Estimating the win probability in a hockey game
Date
Authors
Journal Title
Journal ISSN
Volume Title
Publisher
Abstract
When a hockey game is being played, its data comes continuously. Therefore, it is possible to use the stream mining method to estimate the win probability (WP) of a team once the game begins. Based on 8 seasons’ data of NHL from 2003-2014, we provide three methods to estimate the win probability in a hockey game. Win probability calculation method based on statistics is the first model, which is built based on the summary of the historical data. Win probability calculation method based on data mining classification technique is the second model. In this model, we implemented some data classification algorithms on our data and compared the results, then chose the best algorithm to build the win probability model. Naive Bayes, SVM, VFDT, and Random Tree data classification methods have been compared in this thesis on the hockey dataset. We used stream mining technique in our last model, which is a real time prediction model, which can be interpreted as a trainingupdate- training model. Every 20 events in a hockey game are split as a window.
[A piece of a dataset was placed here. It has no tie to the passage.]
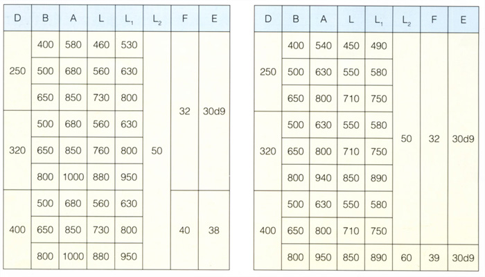 DY1型油冷式電動滾筒外形尺寸表                       JYD型油冷式電動滾筒外形尺寸表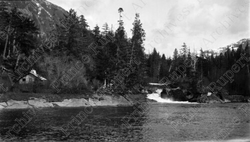 Scope & Content: Item consists of the Khtada River flowing into the Skeena River at the point of Khtada Falls.

We use the last window as the training data set to get decision tree rules used for classifying the current window. Then a parameter can be calculated by the rules trained by these two windows. This parameter can tell us which rule is better than another to train the next window. In our models the variables time, leadsize, number of shots, number of misses, number of penalties are combined to calculate the win probability. Our WP estimates can provide useful evaluations of plays, prediction of game result and in some cases, guidance for coach decisions.